HDU 3359 Kind of a Blur(高斯消元)

题意：

       H * W (W,H <= 10) 的矩阵A的某个元素A[i][j]，从它出发到其他点的曼哈顿距离小于等于D的所有值的和S[i][j]除上可达点的数目，构成了矩阵B。给定矩阵B，求矩阵A。

 

 

题目先给宽再给高。。。坑我了一个小时

 

code

/*

       暴力确定每个位置有到那些位置的曼哈顿距离小于D

       然后对你n*m个未知数，n*m个方程进行高斯消元

*/

#include <iostream>

#include <cstdio>

#include <cmath>

#include <cstring>

using namespace std;



const int MAXN = 111;

int n, m, dx, cnt;

double A[MAXN][MAXN], ans[MAXN];

inline void build (int x, int y, int d) {

    int k = 0;

    for (int i = 0, tol = 0; i < n; ++i)

        for (int j = 0; j < m; ++j) {

            if (abs (i - x) + abs (j - y) <= dx)

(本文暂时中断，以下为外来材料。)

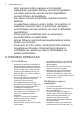 www.electrolux.com Dodatne funkcije ožemanja: 7.3 Predpranje Brez ožemanja • • • • To funkcijo nastavite za izklop vseh faz ožemanja. Na voljo je le faza črpanja. Zasveti ustrezen indikator. To funkcijo nastavite za zelo občutljive tkanine. Pri fazah izpiranja je uporabljene več vode za nekatere programe pranja. S to funkcijo lahko programu pranja dodate fazo predpranja. To funkcijo uporabite pri izredno umazanem perilu. Ko nastavite to funkcijo, se trajanje programa podaljša.
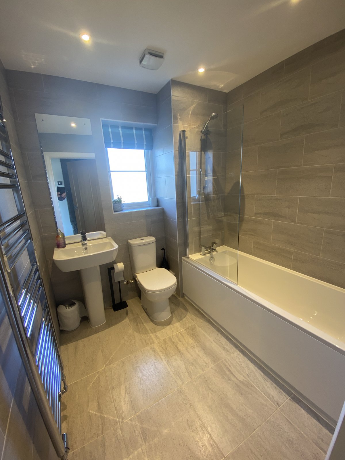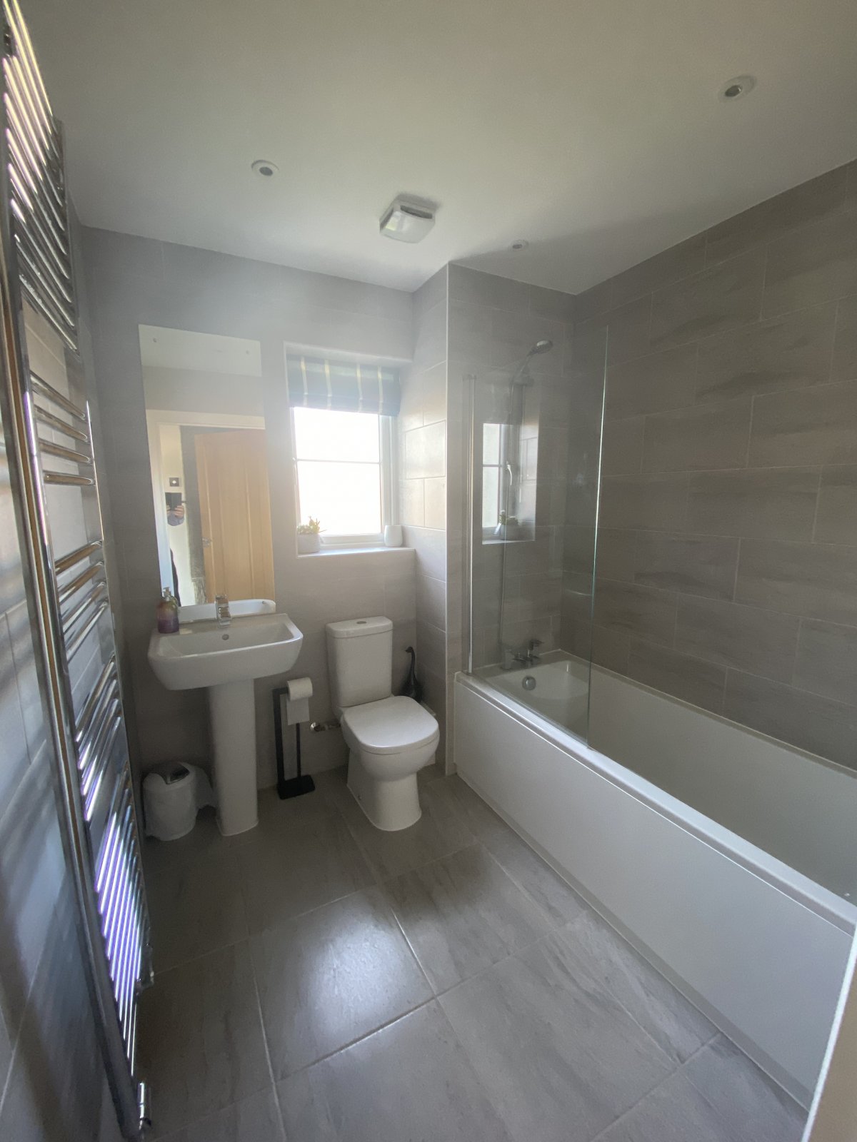 Tiled flooring, white modern 3 piece suite with shower over bath, UPVC window, heating towel rail.
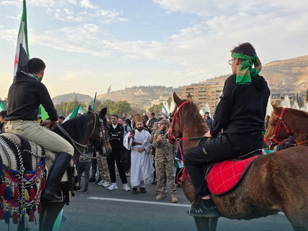 وتوافدت حشود كبيرة إلى ساحة الأمويين في دمشق منذ ساعات الصباح، بالتزامن مع مظاهر احتفالية في حي الميدان حيث رفع الأهالي شعارات تدعم الاستقرار وتؤكد رفض مشاريع التقسيم.
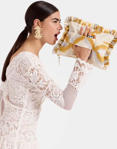 Arriving in upscale jacquard to put the finishing touch to your party look this season, our soft oversized zip pouch is a multi-use beauty that will easily house a cell phone, mini tablet and cardholder. It’s perfect to organize small items in a bigger bag but also works fabulously as a clutch. The side handle makes it super easy to carry around which – great news! – gives you free hands to hold your Bellini at a cocktail party.

                A[d][tol++] = 1, ++k;

            else

                A[d][tol++] = 0;

        }

    A[d][cnt] *= k;

}

void Gauss() {

    int i, j, k;

    double tmp, big;

    for (i = 0; i < cnt; i++) {

        for (big = 0, j = i; j < cnt; j++) {

            if (abs (A[j][i]) > big) {

                big = abs (A[j][i]);

                k = j;

            }

        }

        if (k != i) {

            for (j = 0; j <= cnt; j++)

                swap (A[i][j], A[k][j]);

        }

        for (j = i + 1; j < cnt; j++) {

            if (A[j][i]) {

                tmp = -A[j][i] / A[i][i];

                for (k = i; k <= cnt; k++)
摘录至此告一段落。